My career has always been about commercializing life science diagnostics and medical technology. I started my career with Abbott Diagnostics, where I got a great foundation in the industry.
I got the urge to do my first startup, which was in the medical imaging space. I was with that company for about seven years, where we did breast cancer detection work.
Then, I moved on to my second startup, which was in the stem cell space, for a company called ViaCell. That company was then acquired by PerkinElmer.
I did not think I would stay long, but I ended up staying for about 11 years and ran every division across PerkinElmer, which is a very diverse global life science company.
Then, I was offered the role of CEO at Emulate. If I look back at my career: about 60 percent of it was with two large companies, which provided me with a great foundation, and I have also led three startups, with Emulate being my third.
Could you give us an overview of what you are working on at Emulate, and how it is benefiting patients?
Of course.
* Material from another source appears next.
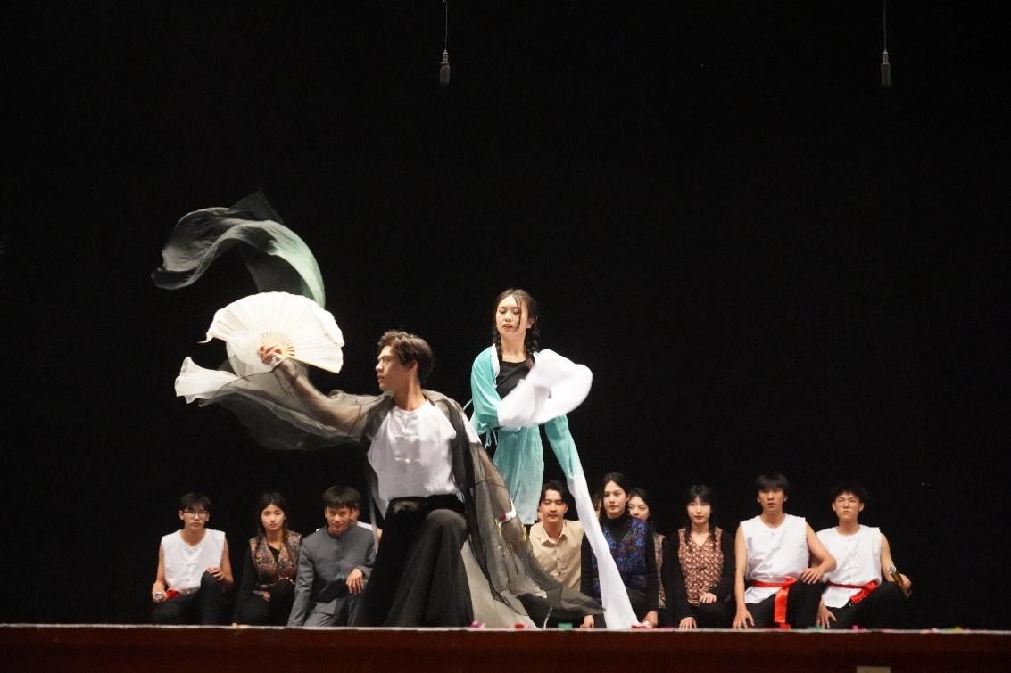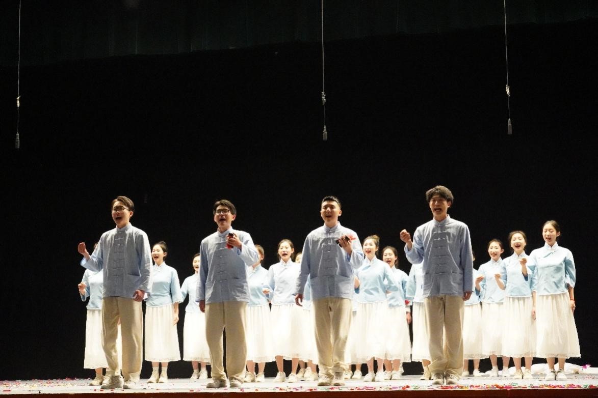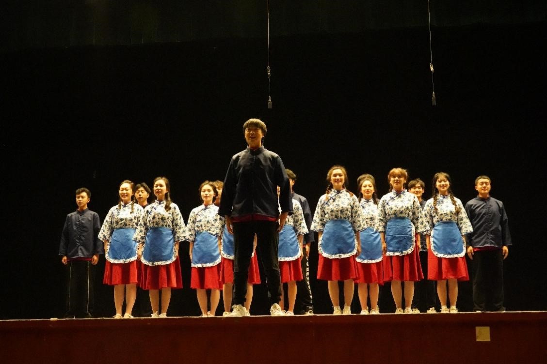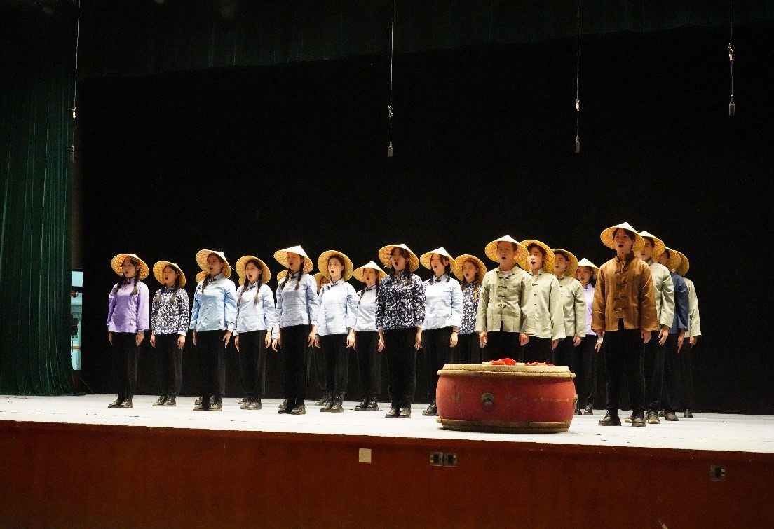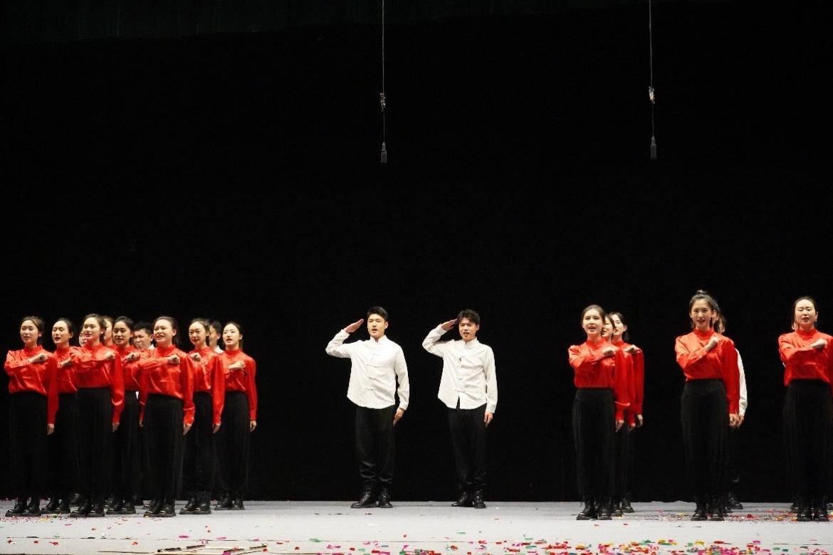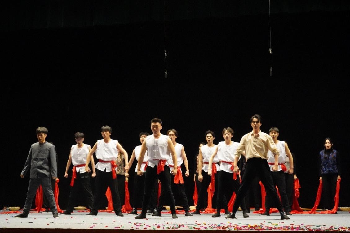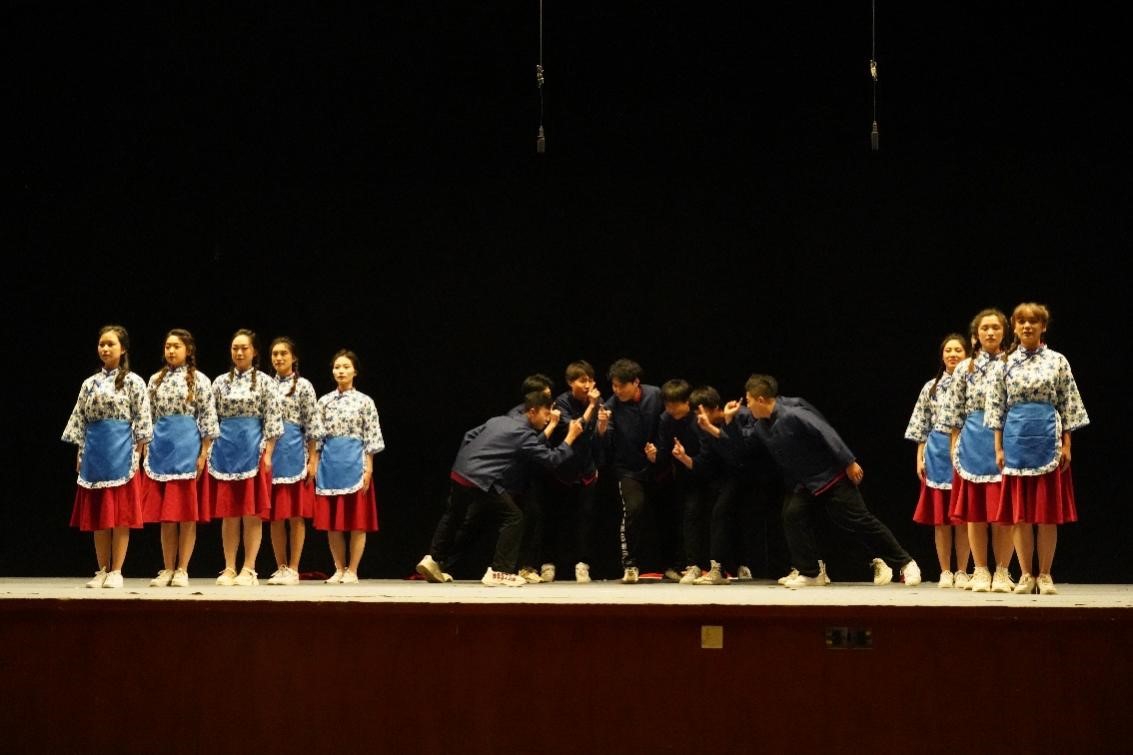 下一個登場的班級是表演一班,他們運用多種道具,用響鼓敲出時代的回響,帶大家回首老一輩的奮斗歷程,鄉村振興旺,還需民自強,我們要帶著老一輩人的努力與魄力,與時代同行。演出呈現出共產黨人在脫貧攻堅戰中不屈不撓、堅持不懈的精神,完美的表現和精彩的舞蹈表演贏得了現場觀眾的陣陣喝彩。

We develop Organ-on-a-Chip technology, which is ideally utilized to reduce animal testing in medical research.
We create a chip that recreates the microenvironment of a particular organ of interest, by placing live human cells onto those chips.
Then, the researcher can test their compound and look for safety or efficacy signals utilizing that format.
Can we deep delve into the science behind Organ-on-a-Chip technology? How exactly does that work, and what organs are you able to emulate?
The chip itself is about the size of a computer thumb drive. It has two microfluidic channels, and, with those channels, we can create a dynamic culture environment.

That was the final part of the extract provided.